DATA FOR REVIEW Start Marker
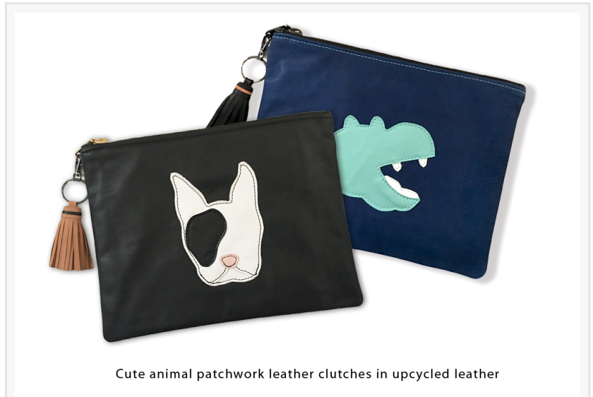
Cute animal patchwork leather clutches in upcycled leather
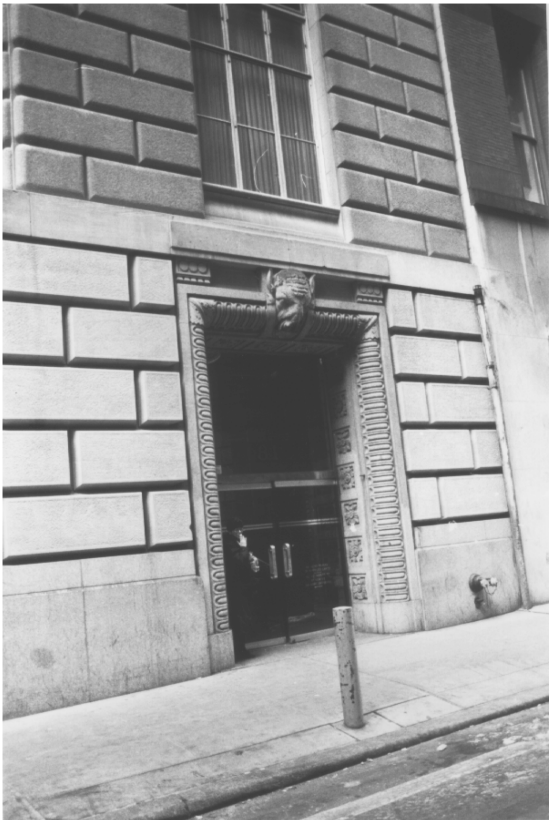
Standard Oil Building, 26 Broadway, Manhattan Entrance at 81 New Street
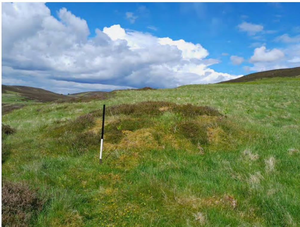
Plate 451: Clearance cairn (Asset 387.12), facing northwest
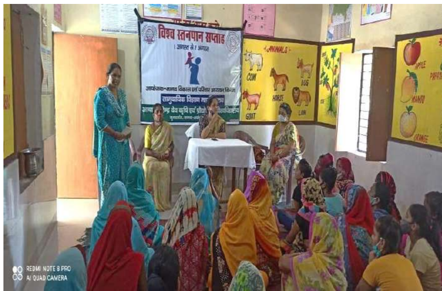
AWARENESS PROGRAMME ON WORLD BREAST FEEDING WEEK AT 5 AUGUST 2022

World Breast Feeding week (1-7 August) was organized at gram Sidhauna , block Milkipur by the students of Department of Human Development and Family Studies. Importance of breast feeding, health issues and diet related for lactating mothers etc. were discussed. Online poster competition on importance of Breast Feeding was also organized for college students.
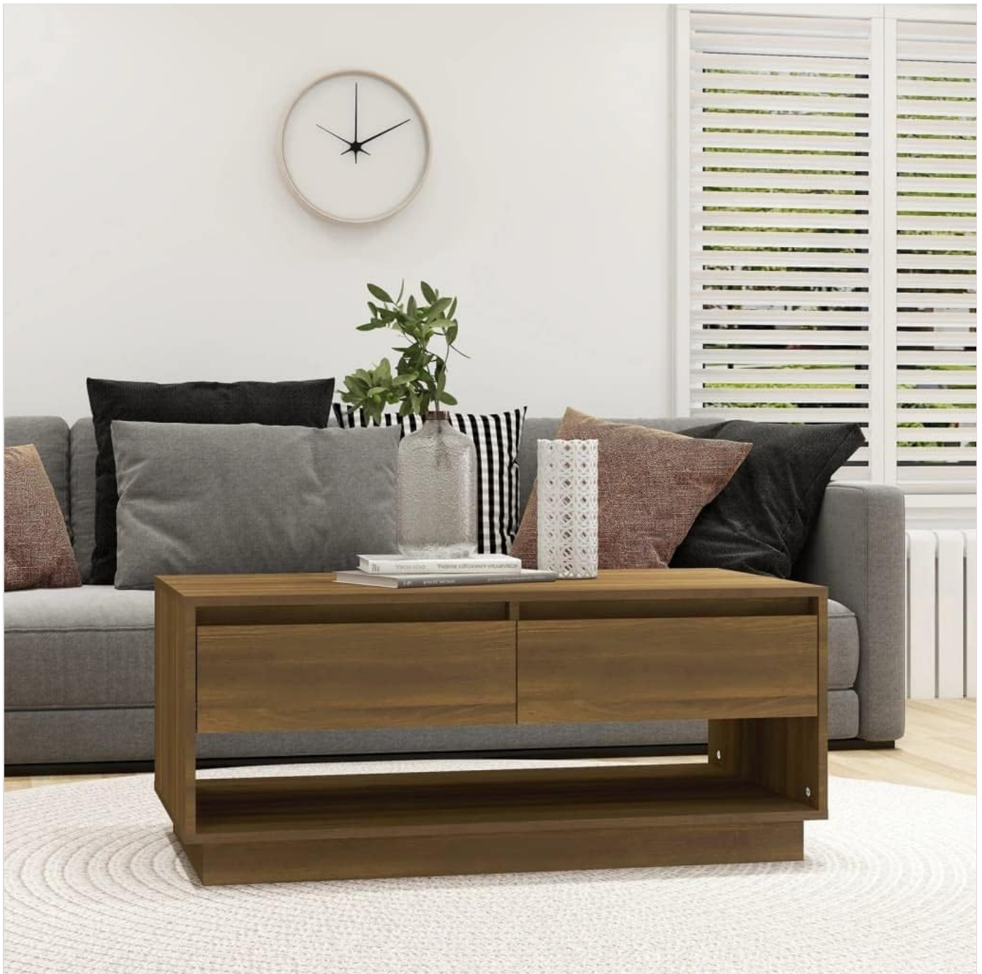
Image: The vidaXL Brown Oak Coffee Table with Storage Drawers, showcasing its design in a modern living room environment.
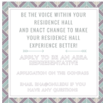
RHA Area Representative Flyer 223K
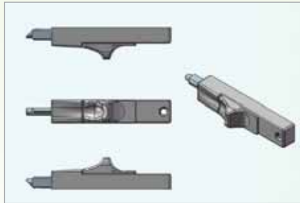
FACTORY APPLIED WOCD: WOCD diagram views
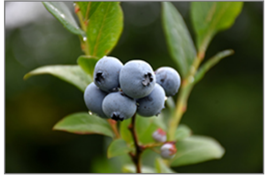
Northsky Blueberry fruit

Northsky Blueberry features dainty clusters of white bell-shaped flowers with shell pink overtones hanging below the branches in mid spring. It has green deciduous foliage. The glossy oval leaves turn an outstanding scarlet in the fall. It features an abundance of magnificent blue berries in mid summer.
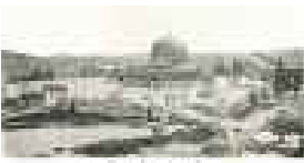
The Place of the Temple
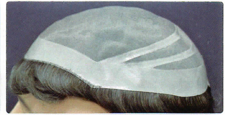
M102 Fit different size

8"x10" Any size Soft clear polyurethane skin base
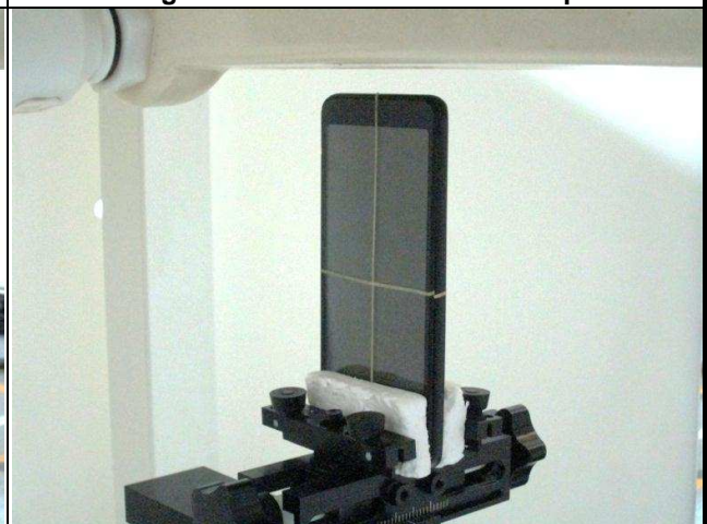
Bottom Side of EUT with 1.0 cm Gap
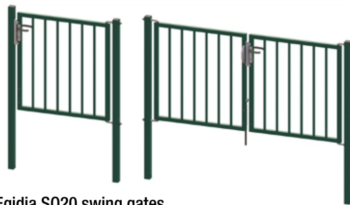
Egidia SQ20 swing gates

Europe Blokkestraat 34b B-8550 Zwevegem Tel: B: +32 56 73 46 46
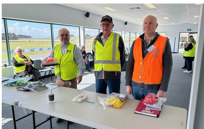
RYDA 2023 at Symmons Plains.
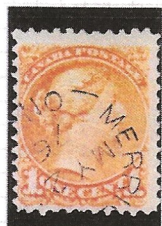
MERRICKVILLE, ONT MY/23/76 0.00360"
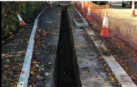
Energetics ducts installation
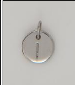
CH170432RH WT: 0.7 gm
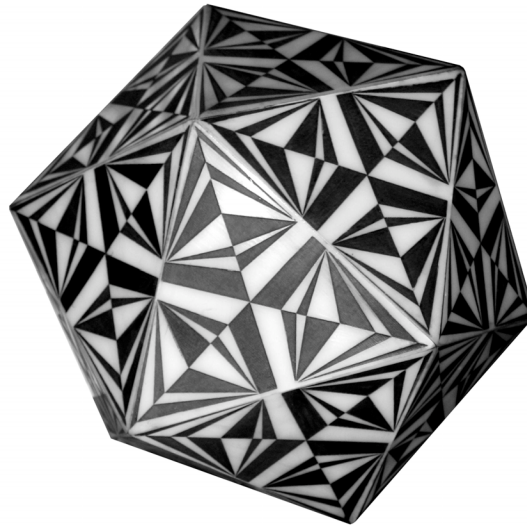
Figure 3 The icosahedron patterned with counterchange pattern class p6m/p6 (created from laser-etched and painted acrylic)

Figures 3 and 4 show illustrations of the icosahedron patterned with counterchange class p6m/p6 . The model shown in Figure 3 is based on the design previously illustrated in Figure 2, where the area of the pattern that is applied to each face is equivalent to half the unit cell. In Figure 4 an area of pattern equivalent to two unit cells is applied to pattern each face. In both instances, all faces are identical.
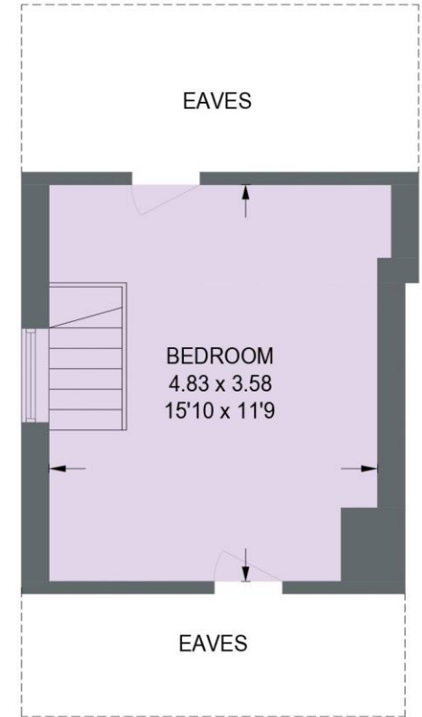
SECOND FLOOR 17.6 SQ M / 189 SQ FT (EXCLUDING EAVES)

Illustration for identification purposes only, measurements are approximate, not to scale.
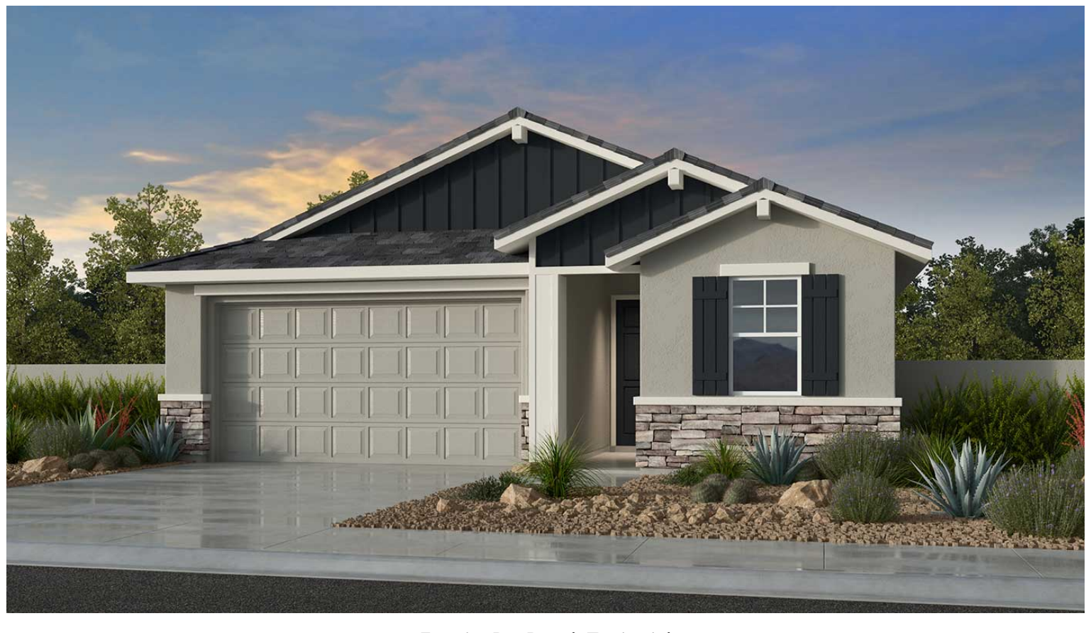
Exterior B - Ranch Territorial
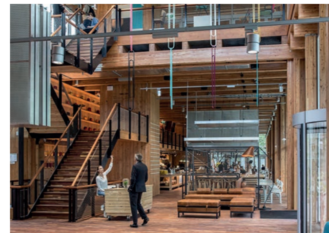
Interior of Circl ABN AMRO's sustainable pavilion.

Concerns about the legal and insurance ramifications of such changes are common in the sector. Insurers have tended to be conservative in the past, relying on risk history, and therefore struggle to price risks associated with forward-looking innovative approaches, inhibiting innovation in the sector. There is a need to learn from those who have overcome contractual barriers and dealt with liability issues successfully. The rapid rise of future scenario planning and climate related financial disclosures is likely to have a significant impact by ensuring that climate risks are referenced in investment decisions. This opens new funding opportunities linked to improved resilience, working with the insurance industry and mobilising resilience bonds. The consideration of this type of risk will help drive forward the decarbonisation of construction, as long as a systems approach is taken
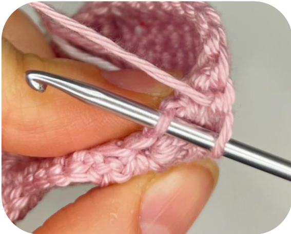
Illustration 1: Crocheting the ears (2)
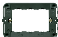
16713 - Frame 3M +screws
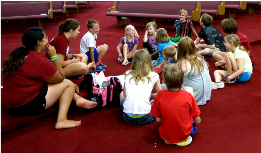
Lakeside staff , helpers and campers gather in the sanctuary during the 2015 day camp.
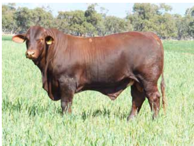
Rockingham Quarantine Q90 (PS) – Lot 3
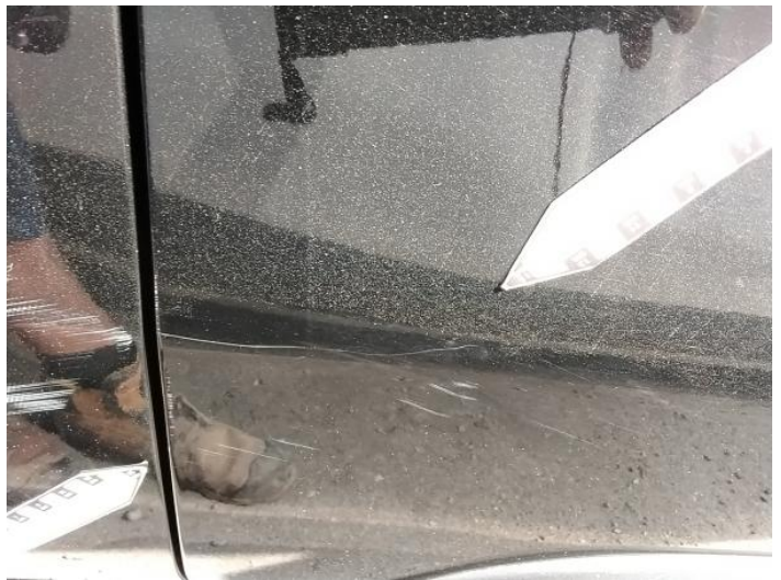
12: Qtr Panel osr Scratched Over 25mm Thru Paint
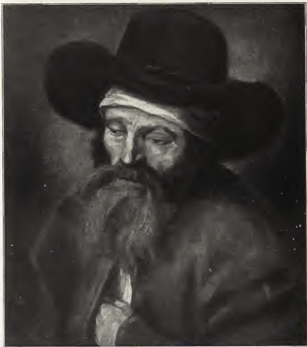
60. — REMBRANDT HARMENSZ VAN RIJN.
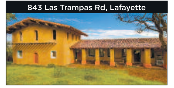
Spanish Hacienda • $1,695,000
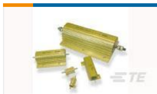
TE Part #1676625-8 HSA25 75R 5%
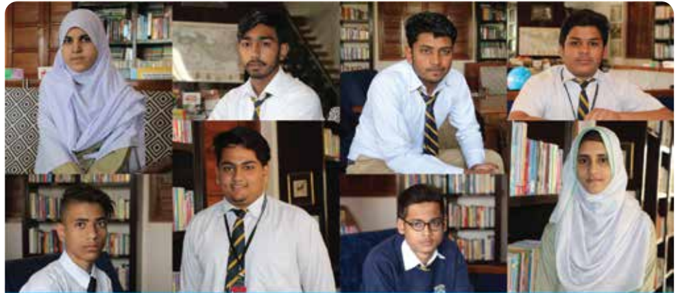
High achieving students of NJV Govt. Higher Secondary School

I have worked on different research projects. One of my collaborative work as co-author is recently published in an International Journal Scientific Reports - Nature entitled "Purification and Characterization of a Nonspecific Lipid Transfer Protein 1 (nsLTP1) from Aijwain ( Trachyspermum ammi ) Seeds". The plant nsLTPs are well-known for their antibacterial, and anti-cancer activities. This study revealed that aijwain non-specific lipid transfer protein has possible application in drug delivery application.
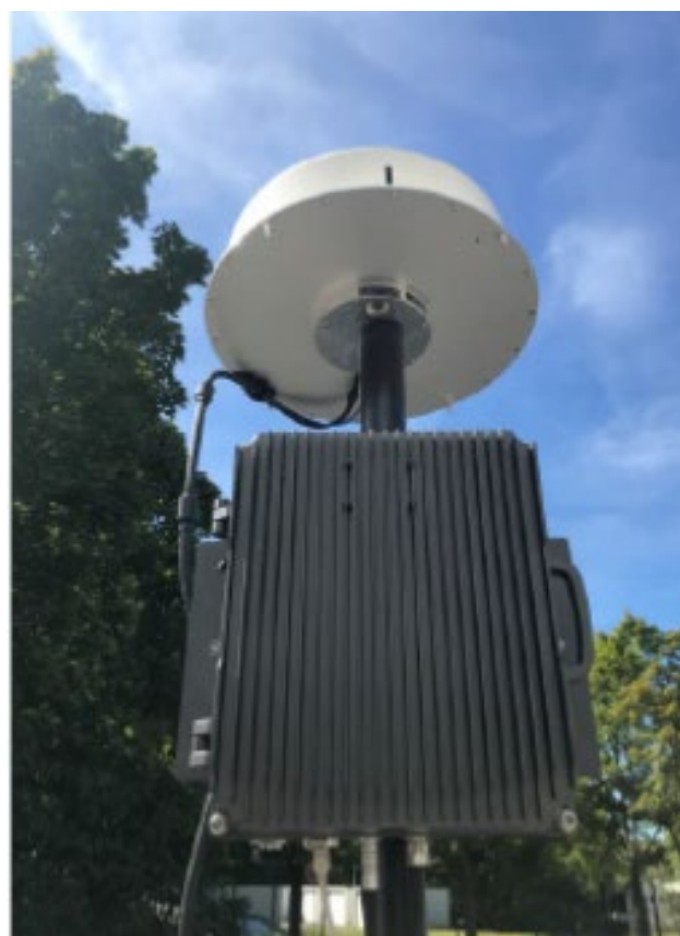
Fig. 1. The SignalShark Outdoor Unit and Automatic DF antenna for AoA and TDOA.

Different versions of the "SignalShark Outdoor Unit Modem" are available depending on the region in which the device is to be used, taking into account the respective mobile radio frequency range. Your local Narda sales representative will be happy to assist you in the selection of the right version.
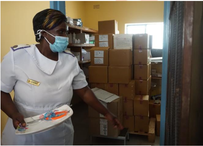
Drug room to be a dispensary room soon.
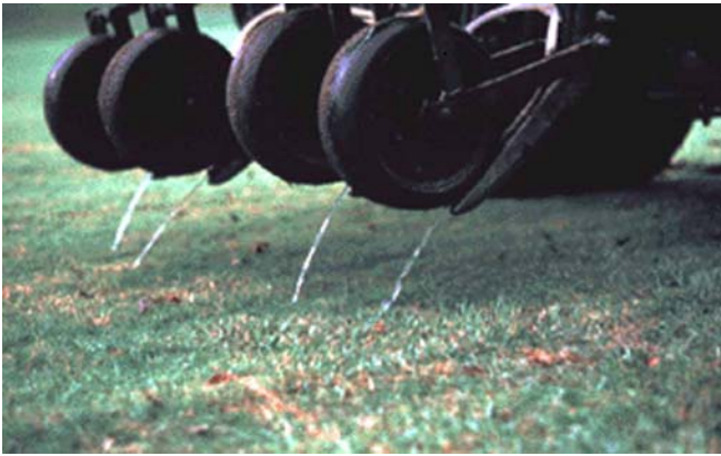
Figure 5. An instrument used for applying nematodes into a field infested with mole crickets.
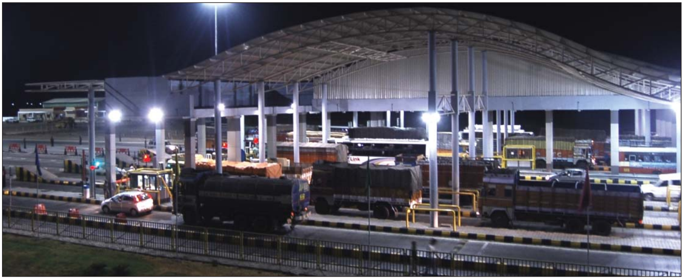
Toll Plaza - Dhule Pimpalgaon Project.

Your Company has pledged its present shareholding and has committed pledging of future shareholding in ISTPL in connection with a term loan of ₹ 4500 million taken by ISTPL from 8 banks, State Bank of India being the lead bank lender.
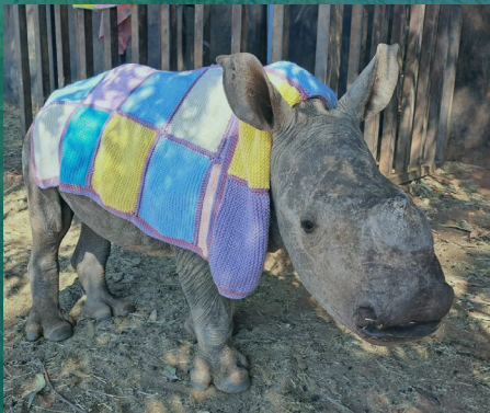
A little White Rhino proudly showcases a knitted blanket.
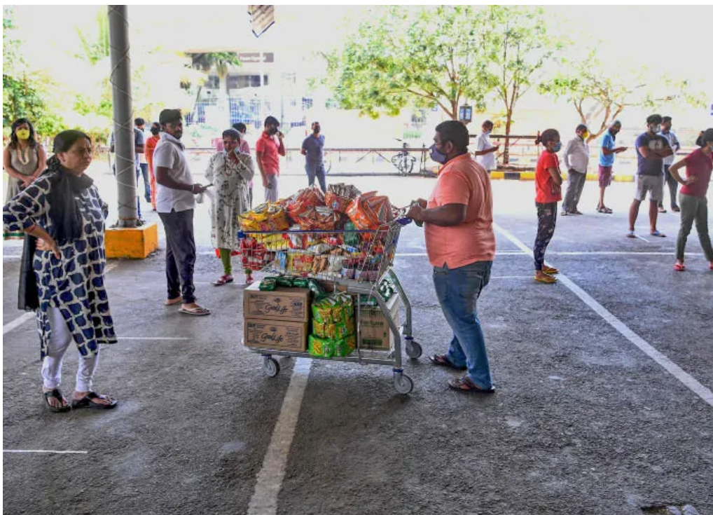
. . . while in Bangalore people queue to buy supplies at a supermarket

As an appalled world watched, India revealed herself in all her shame — her brutal, structural, social and economic inequality, her callous indifference to suffering.
DATA FOR REVIEW End Marker
When a line in the listing above holds the word "Blueberry", copy it.

# OUTPUT FOR THIS EXERCISE:
Northsky Blueberry fruit
Northsky Blueberry features dainty clusters of white bell-shaped flowers with shell pink overtones hanging below the branches in mid spring. It has green deciduous foliage. The glossy oval leaves turn an outstanding scarlet in the fall. It features an abundance of magnificent blue berries in mid summer.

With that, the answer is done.